The most important thing a science fiction novel must be is believable, if it can do that then it can get away with anything else and The Windup Girl pulls this off wonderfully. Paolo Bacigalupi has created a future world, Thailand, so dense and teeming with life, with heat, and with mystery that you can almost smell this imagined city, feel the sweat on your body, hear the noise of the over-cramped city. This is a fully realized world that never once loses its internal consistency; everything that happens is a natural extension of the world Bacigalupi has created.
What most stuck me about this novel was how terrifying the actual possibility of this world he creates is. While we imagine we have total control over genetically modified seeds and crops, or no matter how certain we are that cloning is perfectly safe, Bacigalupi taps into that uneasy feeling we all have deep down that we’re not totally convinced we are masters of science. How do we know for certain that we aren’t creating something that could go horribly, horribly wrong? Whose to say that a real company like Monsanto won’t accidentally produce a strain of genetically modified wheat that winds up killing all the natural strains or infects some beetle that begins a plague? How can we really know all the possible consequences of our actions?
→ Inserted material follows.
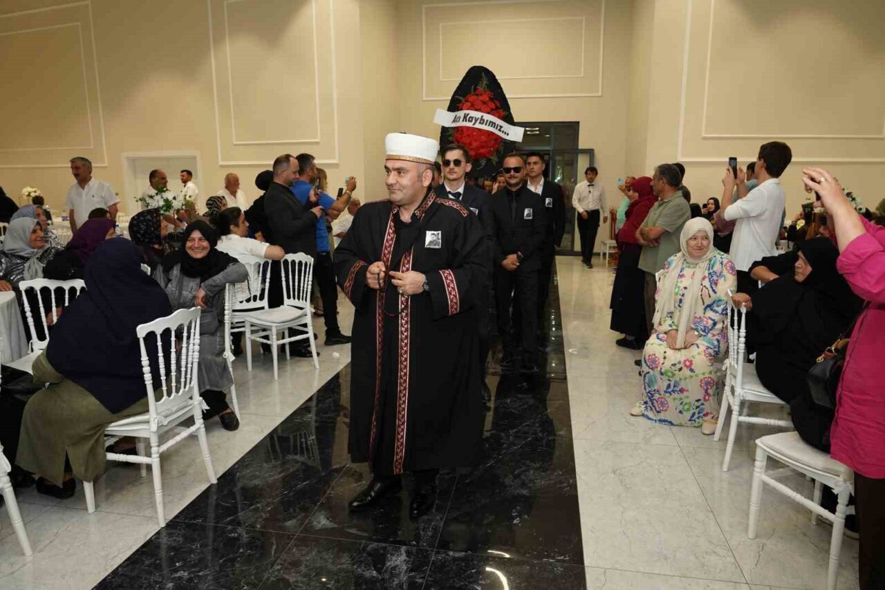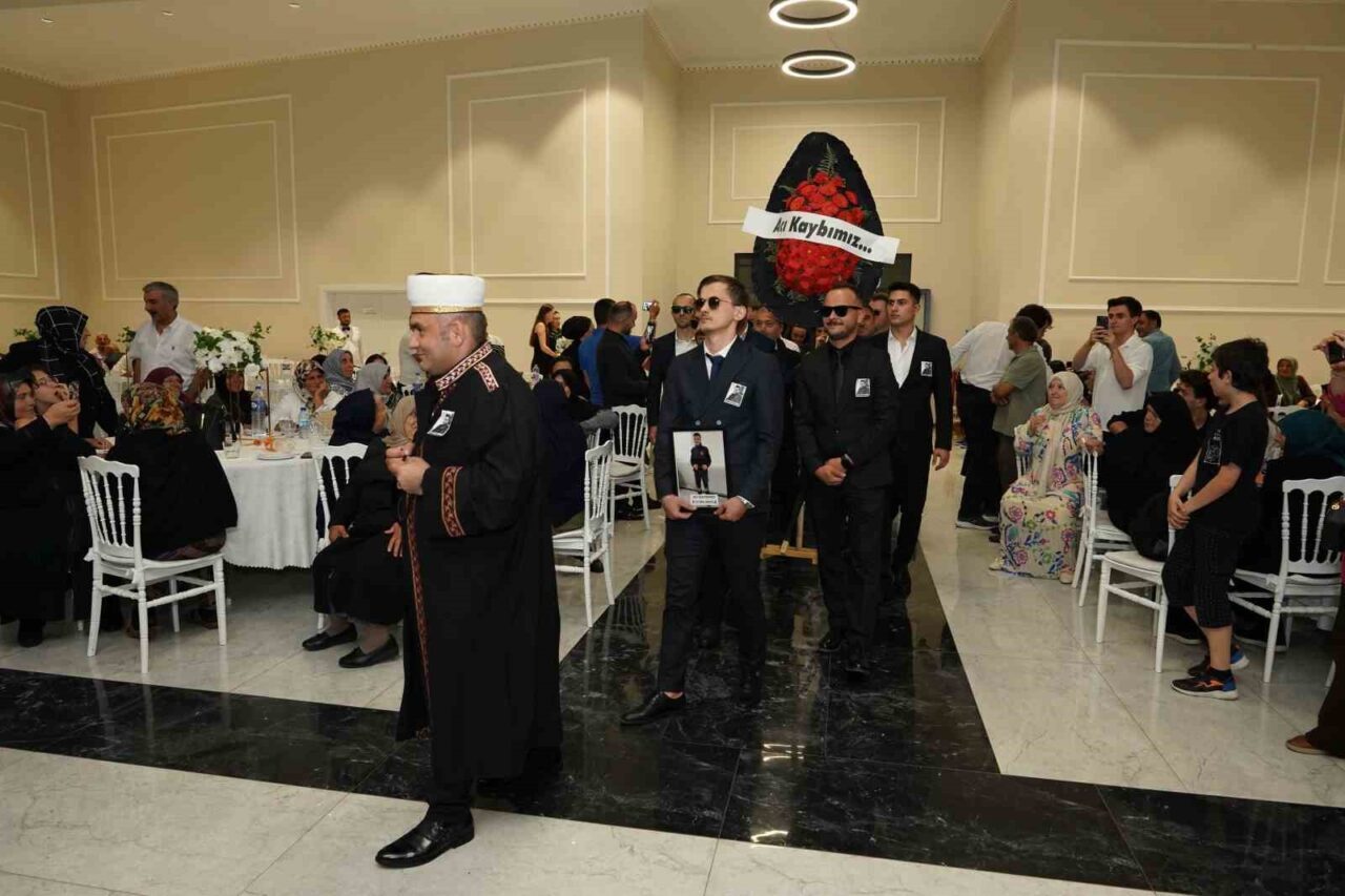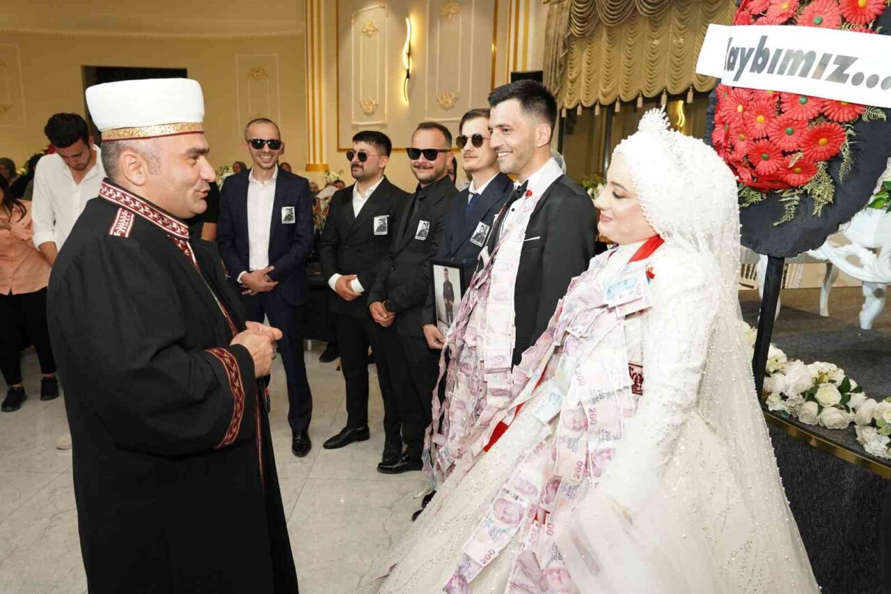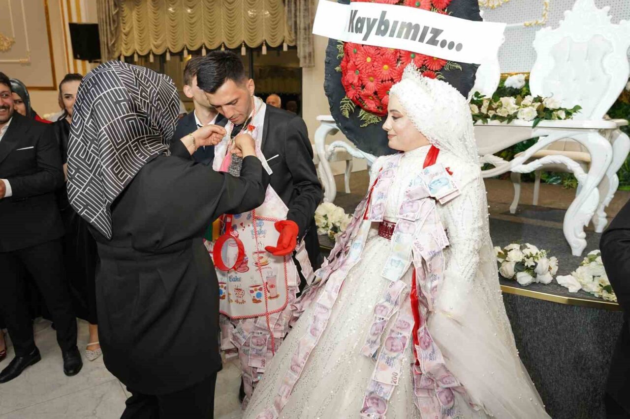 GELİN VE DAMADIN MESAİ ARKADAŞLARI SALONA ‘ACI KAYBIMIZ’ YAZILI ÇELENK VE TEMSİLİ İMAM İLE GİRDİ

And this book is all about consequences and how each action effects another, seemingly unrelated action, how what one character does in an act of self defense can actually send an entire city into civil war. It’s a valid point to think about because it speaks of responsibility.
One of Bacigalupi’s great skills is in how he presents information in this world he has created. The names he’s given to the various blights, diseases, companies, and people feel absolutely genuine: blister rust, cibiscosis, calorie-men, yellow cards, white shirts, kink springs; Bacigalupi gets the feel of this future just right. He also draws on a lot of recognizable themes from other great science fiction stories: I could sense he was inspired a lot from ‘Blade Runner’, ‘Ghost In The Shell’, and the brilliant but little seen ‘Texhnolyze’, but that he’s also part of a new trend in science fiction to get away from urban American settings and make it a more global genre – District 9, Halo, and Junot Díaz’s short story ‘Monstro’.
This book is also part of another trend in science fiction where it takes its themes seriously to tell a story worth paying attention to: Ishiguro’s “Never Let Me Go’ and McCarthy’s ‘The Road’ both come to mind as stories that are warnings about our own future and, like any good sci-fi story, what it means to be human. And the final scene of this novel, the epilogue scene, is a wonderful scene where old meets new amid total devastation.
And though I am by no means an alarmist concerning the advancement of science, Paolo Bacigalupi makes a strong case for always siding with caution because you can never be to sure what trouble you might get yourself into. In that way this book is somewhat similar to Lovecraft’s ‘At The Mountains of Madness’ in that you better be careful about messing with a nature you do not fully understand or else you might unleash something so terrible as to never be able to go back.
This is a fantastic novel full of great ideas, beautiful imagery (Bacigalupi is a helluva writer in that regard), and terrifying possibilities. The book is a tad too long, but never dull and no opportunity is wasted to continue building the Thailand in this story.